Mr Gao [36–38] and his colleagues conducted a research series utilizing different multimodal features. Their work simulates other statistical research grounds for FND approaches. Their work includes machine learning and deep learning approaches. One of his students further carried out their work. This series of work provides machine learning and deep learning approaches with multimodal implementation. Another contribution is the utility of pre-trained models. Another series of deep learning models for fake news detection, specifically SPOTFAKE and SPOTFAKE + , was introduced in 2019−20 [39,40]. These models utilized a pre-trained model, namely BERT [41], for text datasets and VGG-19 [42] for image datasets. A key contribution of their work is countering the ENN technique, which treats the Event as a sub-task, discriminating events from data rather than a full-fledged feature for FND tasks. However, their approach strictly defined multimodality in Text and Image only. The criticism of their work is that their approach is essentially based on the Twitter dataset, which is synthesized over text and images only (videos and audio are excluded).

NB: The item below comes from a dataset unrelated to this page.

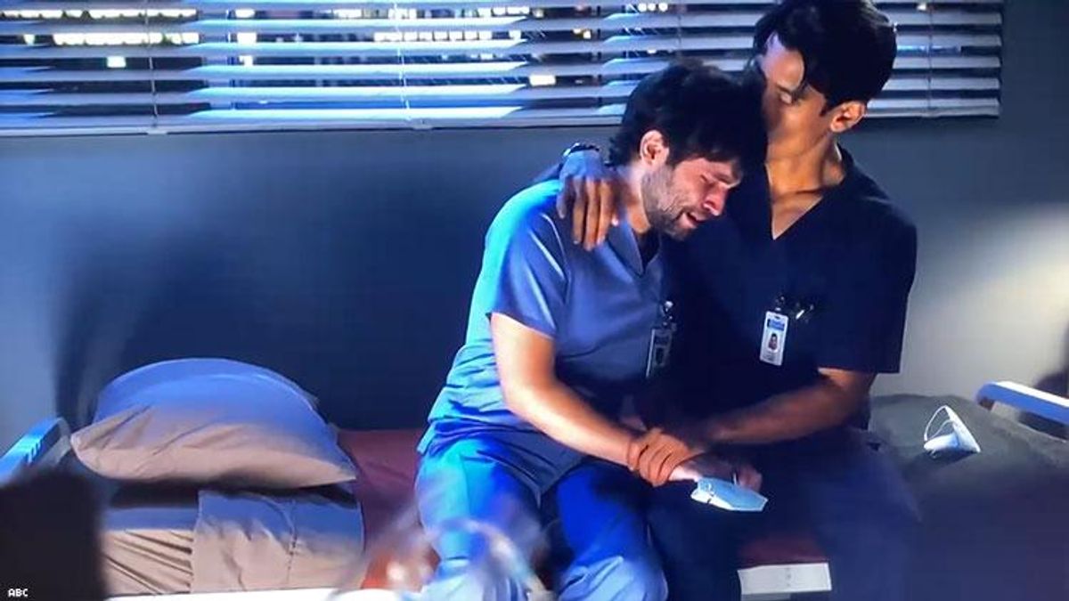 Grey's Anatomy has not shied away from destigmatizing queer identity. The episode began with different shots of lovers in bed, including Schmitt and Kim. Earlier this season, Grey's aired the first oral sex act between two men that acknowledged the pandemic on network TV.

The SPOTFAKE+ [39] modeled over the catering critics of the least featured dataset for multimodality to identify misleading information using the SPOTFAKE dataset with additional information [40]. Meanwhile, another approach used a multimodal auto-encoder technique for fake news detection (opened another deep learning direction for fake news detection). The same set of datasets was used by [41,42], and their model outperformed by ~6% in accuracy and F1 score. The Multimodal Variational Autoencoder, often MVAE [43] It is a full-stack network explicitly developed to detect fake news. This network incorporates both a bimodal Variational auto-encoder and a binary classifier within its structure. The model comprises three fundamental components: an encoder, a decoder, and a module for identifying false information. The Variational autoencoder can generate probabilistic latent variable models by maximizing a bound on the marginal likelihood of the observed data [44]. These models can be used to make predictions. It enables the model to have a higher degree of precision. To determine whether posts are genuine, the fake news detector consults the multimodal representations generated by the bimodal Variational Autoencoder [25] r. It helps the detector avoid making mistakes. Another approach, which incorporates an additional textual feature — user sentiment —for consideration in fake news detection. They utilize users’ comments on a particular social media post or blog [28,29]Their approach’s uniqueness includes features that collectively cluster events, i.e., Topic, Keywords, Authors, and other meta information.
The very significant approach [45] That caters to visual information, and the annotation of video data can be considered a benchmark approach for FND tasks. Their approach is more straightforward, considering the similarity between video and text annotation. Their approach is based on mainstream news media stories in both textual and visual formats, i.e., longer manuscripts and longer videos, unlike social media-posted data. So, we may consider this study to induce video as another potential feature. Exploring deep neural networks [46] The rumor introduces another feature, i.e., context. This study introduced a feature of context in which news stories are covered, as most journalists write stories or share vlogs within a specific context. Therefore, context must be considered for FND. A political context [47] is one of the most researched contexts in FND techniques [48,49]. Based on studies, multimodality is defined as the integration of textual, visual, and acoustic information (audio features). The detection of fake news on social media, as inferred from current advancements, principally stems from the complex interaction of multimedia data, social context, and the relevant social and political events. This comprehensive method acknowledges that language analysis alone is often insufficient, requiring a thorough understanding of visual material, user interactions, and the broader societal context to identify deception effectively.
Proposed methodology
The entire research process encompasses a literature search and state-of-the-art research, formulating research objectives, and selecting empirical evidence. The next part involves the collection of datasets, including the identification of relevant datasets and the merging or normalization of these datasets, as well as the development of a representation scheme for diverse data sources. According to the experimental design, both joint and disjoint representation schemes for modalities are proposed. The next step is designing encoders for each modality, followed by training. The results of each fusion scheme are recorded, and a comparison is performed. Lastly, ablation studies are proposed to identify the contributions of each modality. The entire process is described in the following subsections. The proposed method is given in Fig 1.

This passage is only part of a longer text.